*** EXERCISE DATA ***
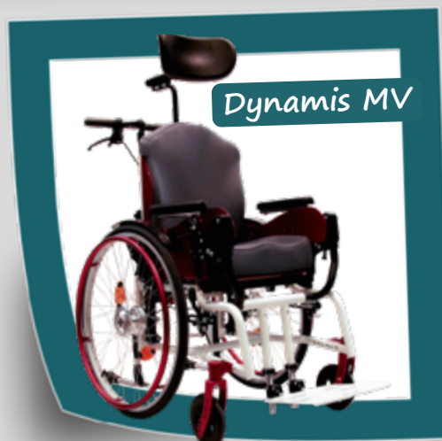
Der dynamische Aktivrollstuhl
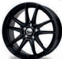
16-ZOLL-FELGE RC22, IN SCHWARZ MATT SCHWARZ GLANZ VOLL-POLIERT 77 01 369 086 SCHWARZ MATT 77 01 377 394
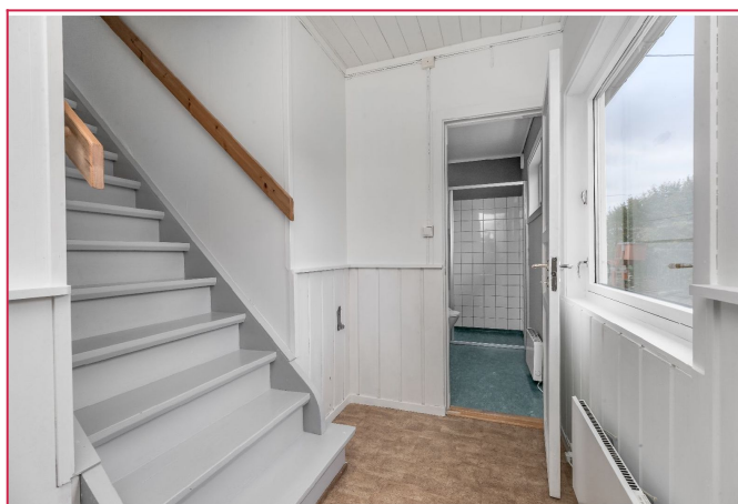
Gang og trappeoppgang
*** End of EXERCISE DATA ***
* **EXERCISE**
Reproduce every line of the data above, exactly as it stands, but not the pictures.

* **ANSWER FOR THIS EXERCISE**
Der dynamische Aktivrollstuhl
16-ZOLL-FELGE RC22, IN SCHWARZ MATT SCHWARZ GLANZ VOLL-POLIERT 77 01 369 086 SCHWARZ MATT 77 01 377 394
Gang og trappeoppgang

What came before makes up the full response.